# The task
Please return all records verbatim, no pictures.

(Extracted records)
----
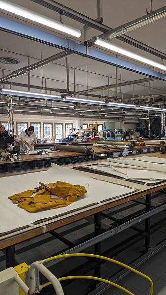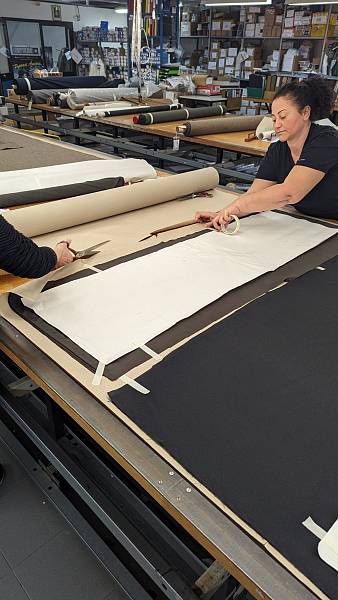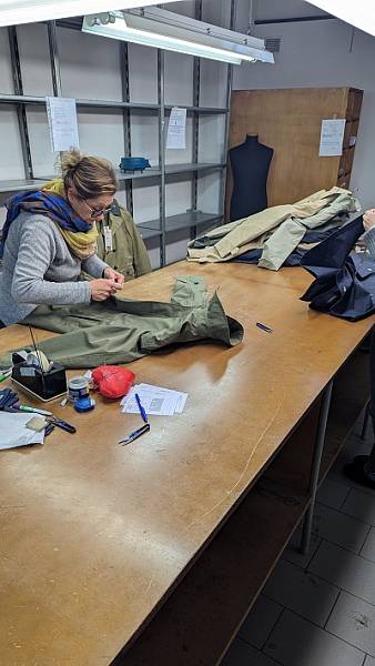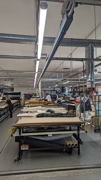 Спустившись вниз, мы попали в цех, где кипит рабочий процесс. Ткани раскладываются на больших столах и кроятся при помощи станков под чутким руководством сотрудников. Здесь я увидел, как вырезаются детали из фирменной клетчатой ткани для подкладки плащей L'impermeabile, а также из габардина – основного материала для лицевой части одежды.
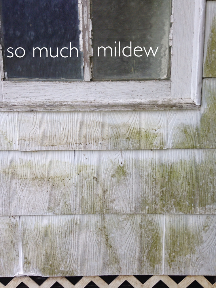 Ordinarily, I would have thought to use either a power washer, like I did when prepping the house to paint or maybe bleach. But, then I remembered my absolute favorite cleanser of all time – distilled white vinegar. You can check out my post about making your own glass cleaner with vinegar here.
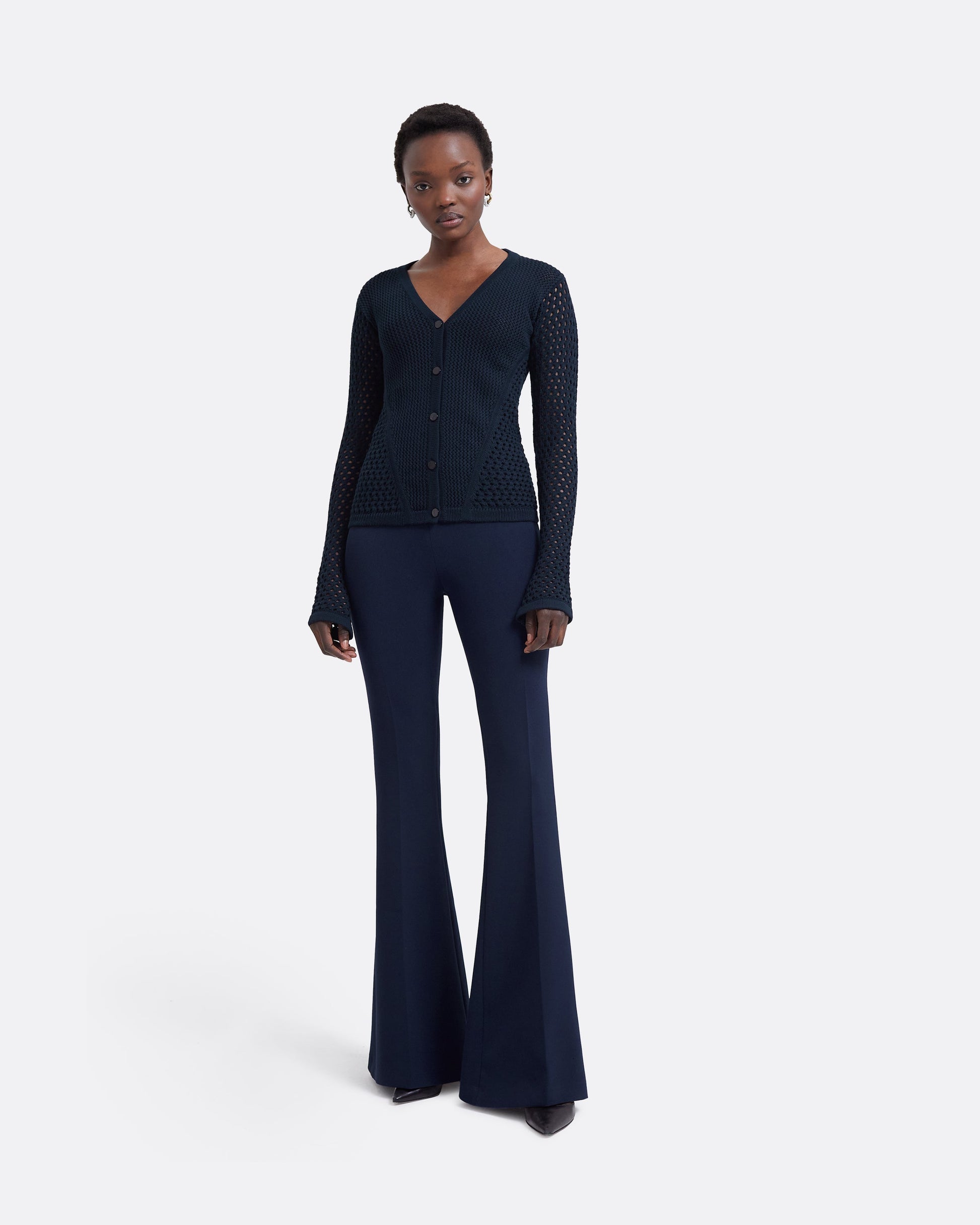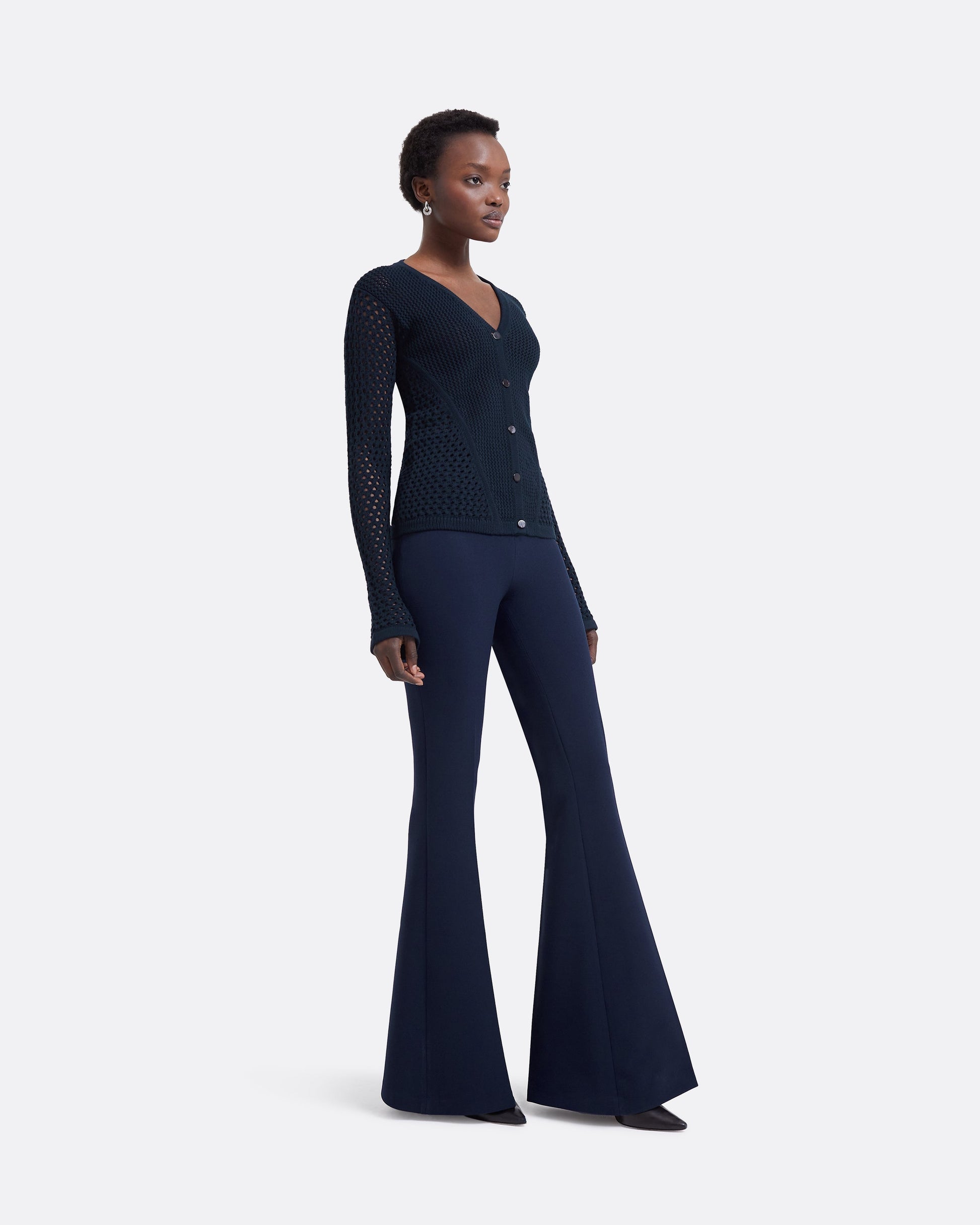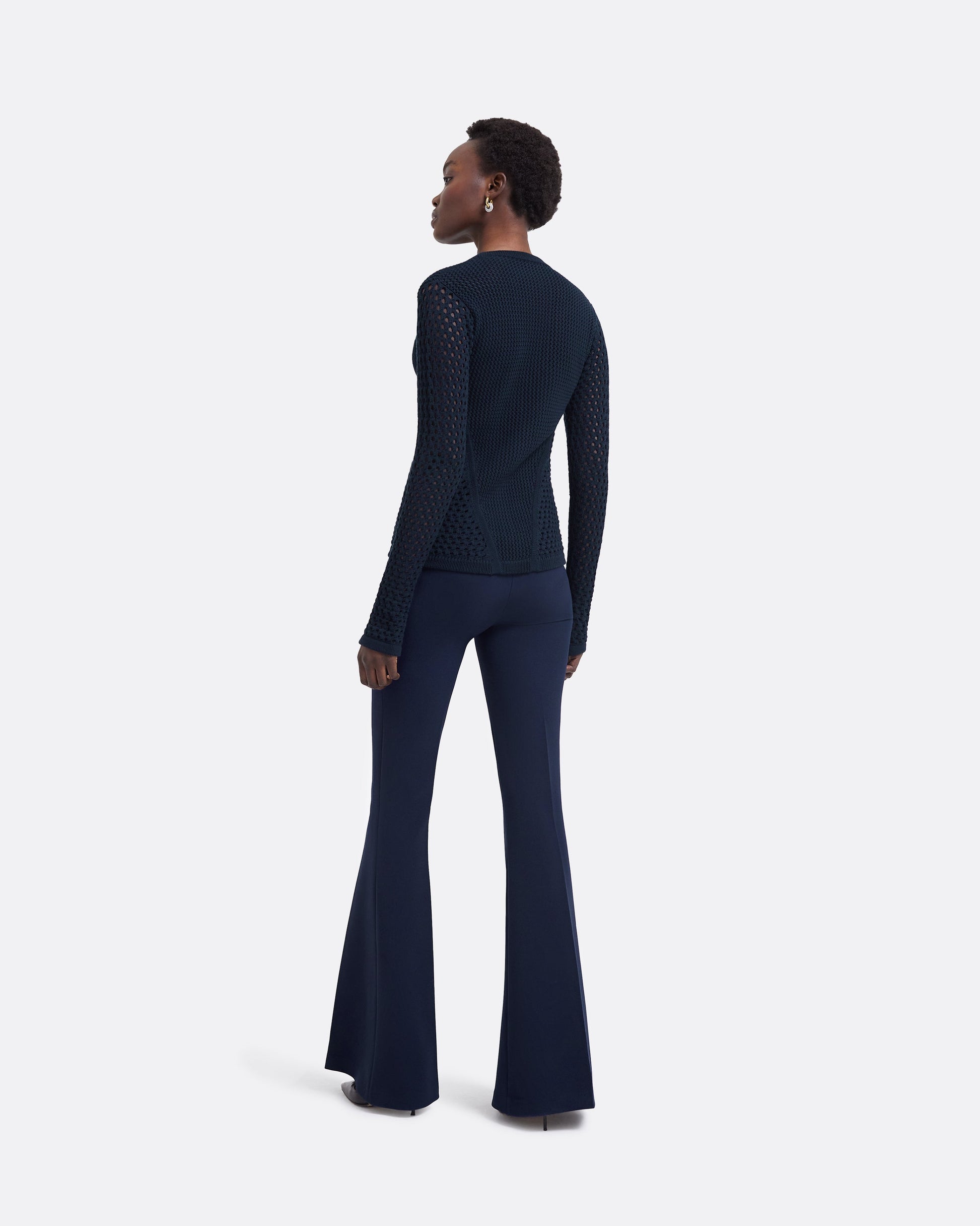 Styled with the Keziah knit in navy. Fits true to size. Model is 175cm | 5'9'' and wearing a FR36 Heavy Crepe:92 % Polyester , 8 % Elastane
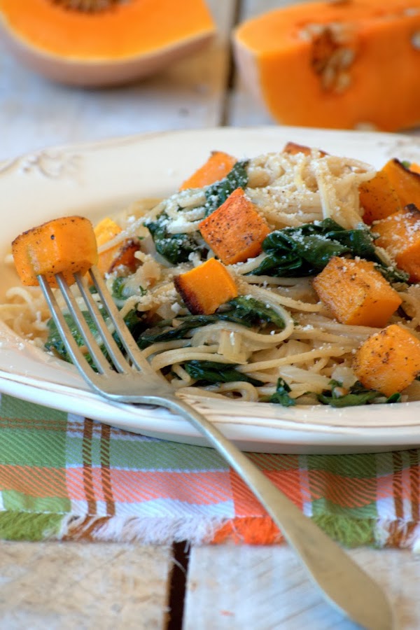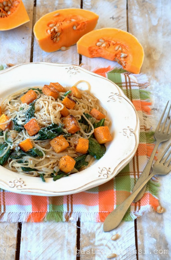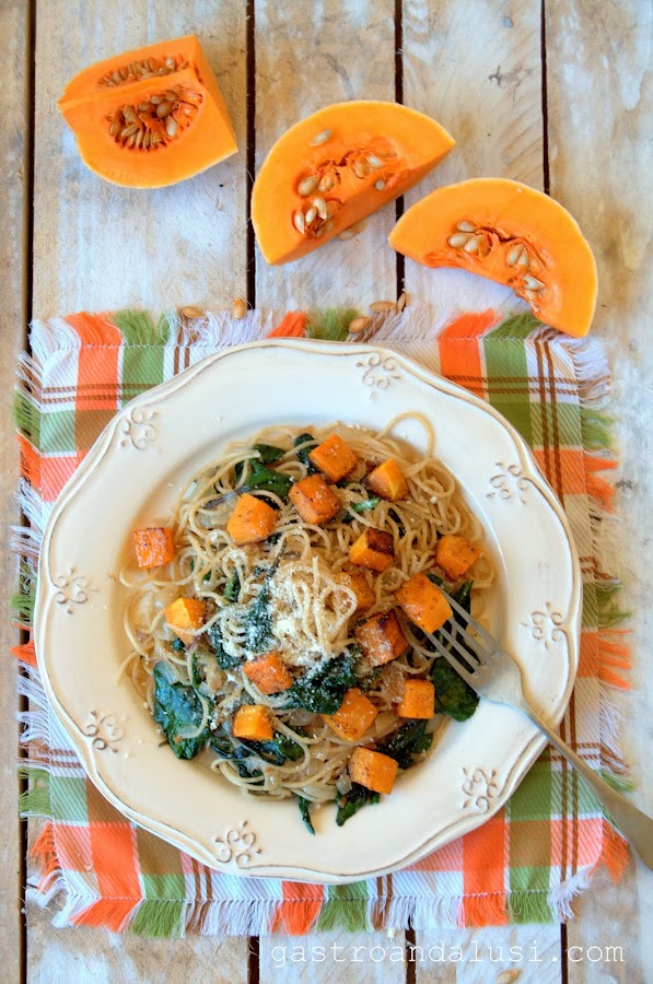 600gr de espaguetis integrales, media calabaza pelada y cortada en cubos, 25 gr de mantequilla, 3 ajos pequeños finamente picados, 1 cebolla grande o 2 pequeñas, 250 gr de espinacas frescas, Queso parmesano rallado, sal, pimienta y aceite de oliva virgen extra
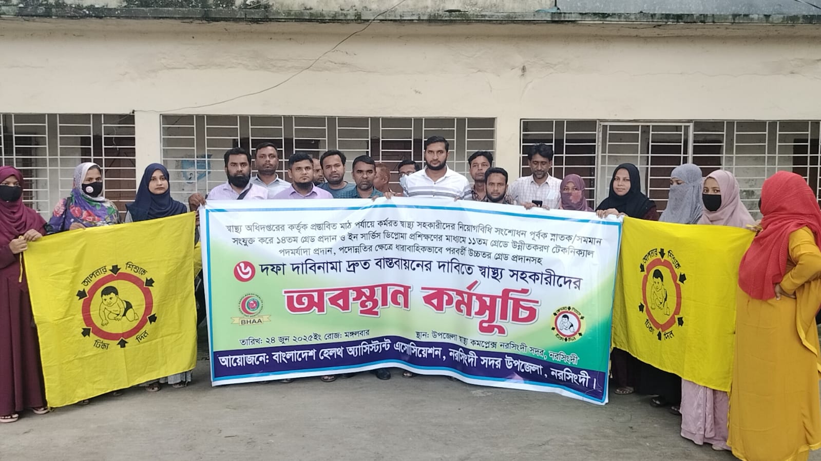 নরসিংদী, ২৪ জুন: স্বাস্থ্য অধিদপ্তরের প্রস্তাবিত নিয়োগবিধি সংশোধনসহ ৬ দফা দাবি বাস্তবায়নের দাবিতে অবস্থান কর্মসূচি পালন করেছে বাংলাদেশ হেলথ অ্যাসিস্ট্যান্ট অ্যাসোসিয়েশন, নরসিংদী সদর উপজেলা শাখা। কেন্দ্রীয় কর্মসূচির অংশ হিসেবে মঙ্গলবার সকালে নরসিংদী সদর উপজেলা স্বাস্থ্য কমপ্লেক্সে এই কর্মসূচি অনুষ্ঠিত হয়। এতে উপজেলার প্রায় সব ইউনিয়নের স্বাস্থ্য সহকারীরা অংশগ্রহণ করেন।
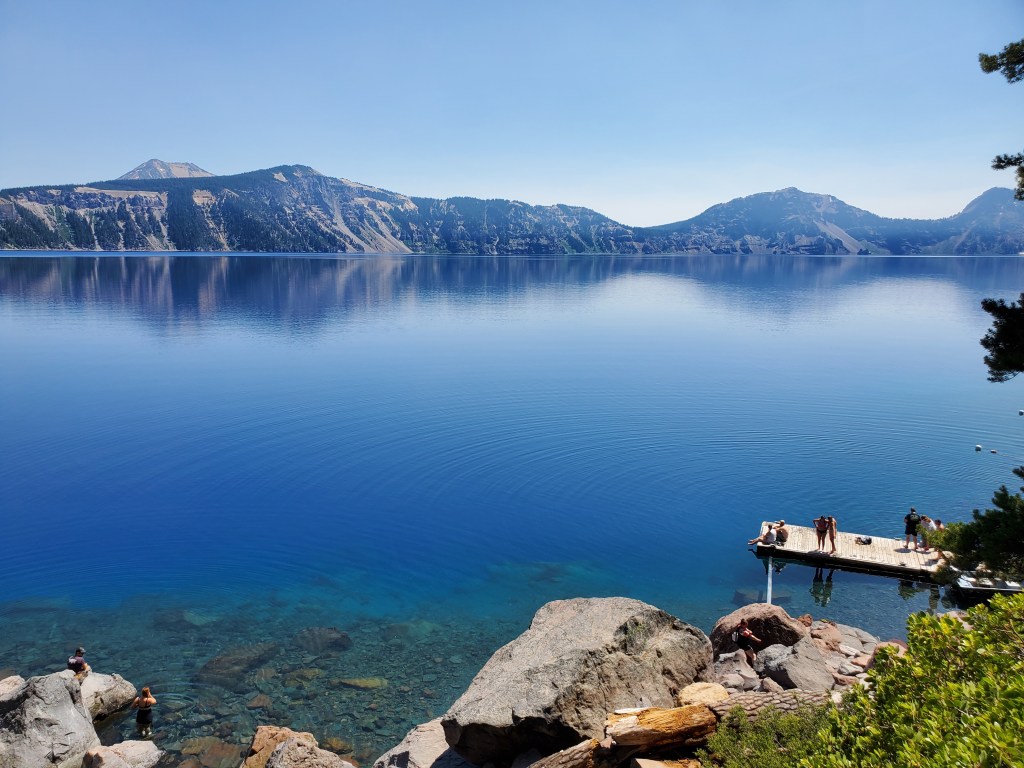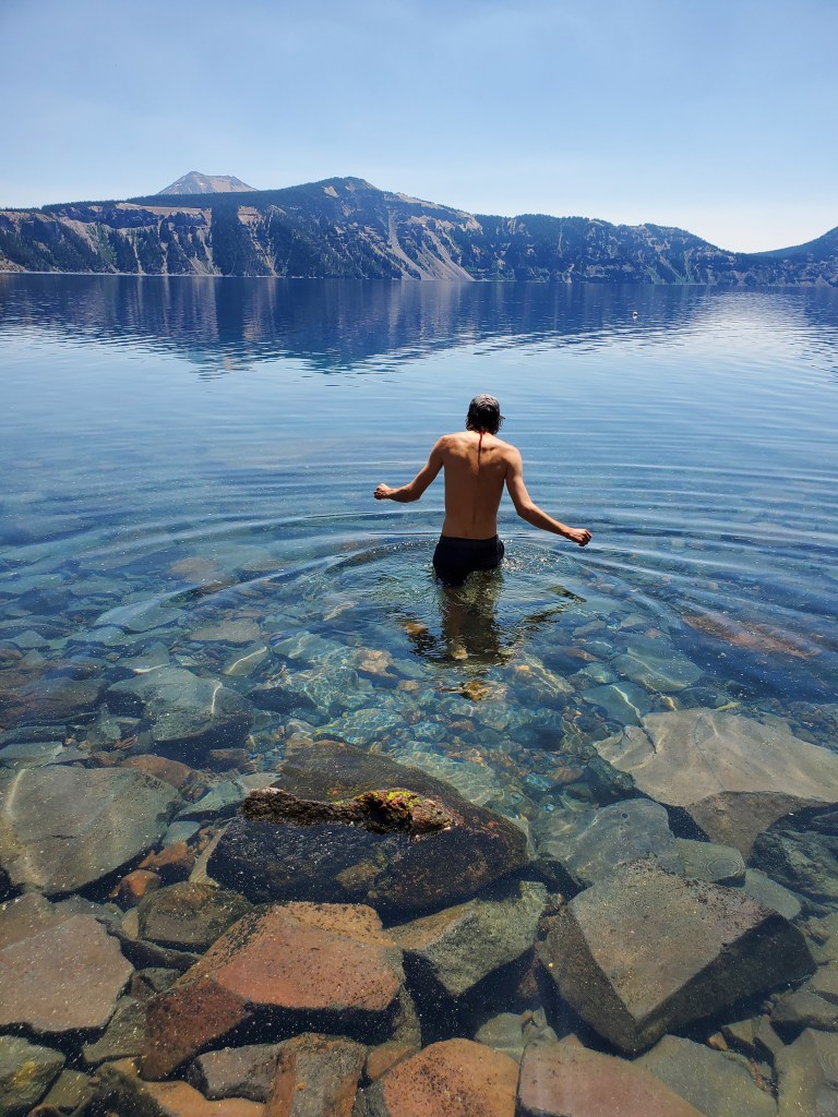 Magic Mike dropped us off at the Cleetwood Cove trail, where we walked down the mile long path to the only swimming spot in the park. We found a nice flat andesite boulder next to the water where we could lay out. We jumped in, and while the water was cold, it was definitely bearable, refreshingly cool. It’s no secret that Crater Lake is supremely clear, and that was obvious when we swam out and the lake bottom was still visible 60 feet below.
----
# The completed task
 Спустившись вниз, мы попали в цех, где кипит рабочий процесс. Ткани раскладываются на больших столах и кроятся при помощи станков под чутким руководством сотрудников. Здесь я увидел, как вырезаются детали из фирменной клетчатой ткани для подкладки плащей L'impermeabile, а также из габардина – основного материала для лицевой части одежды.
 Ordinarily, I would have thought to use either a power washer, like I did when prepping the house to paint or maybe bleach. But, then I remembered my absolute favorite cleanser of all time – distilled white vinegar. You can check out my post about making your own glass cleaner with vinegar here.
 Styled with the Keziah knit in navy. Fits true to size. Model is 175cm | 5'9'' and wearing a FR36 Heavy Crepe:92 % Polyester , 8 % Elastane
 600gr de espaguetis integrales, media calabaza pelada y cortada en cubos, 25 gr de mantequilla, 3 ajos pequeños finamente picados, 1 cebolla grande o 2 pequeñas, 250 gr de espinacas frescas, Queso parmesano rallado, sal, pimienta y aceite de oliva virgen extra
 নরসিংদী, ২৪ জুন: স্বাস্থ্য অধিদপ্তরের প্রস্তাবিত নিয়োগবিধি সংশোধনসহ ৬ দফা দাবি বাস্তবায়নের দাবিতে অবস্থান কর্মসূচি পালন করেছে বাংলাদেশ হেলথ অ্যাসিস্ট্যান্ট অ্যাসোসিয়েশন, নরসিংদী সদর উপজেলা শাখা। কেন্দ্রীয় কর্মসূচির অংশ হিসেবে মঙ্গলবার সকালে নরসিংদী সদর উপজেলা স্বাস্থ্য কমপ্লেক্সে এই কর্মসূচি অনুষ্ঠিত হয়। এতে উপজেলার প্রায় সব ইউনিয়নের স্বাস্থ্য সহকারীরা অংশগ্রহণ করেন।
 Magic Mike dropped us off at the Cleetwood Cove trail, where we walked down the mile long path to the only swimming spot in the park. We found a nice flat andesite boulder next to the water where we could lay out. We jumped in, and while the water was cold, it was definitely bearable, refreshingly cool. It’s no secret that Crater Lake is supremely clear, and that was obvious when we swam out and the lake bottom was still visible 60 feet below.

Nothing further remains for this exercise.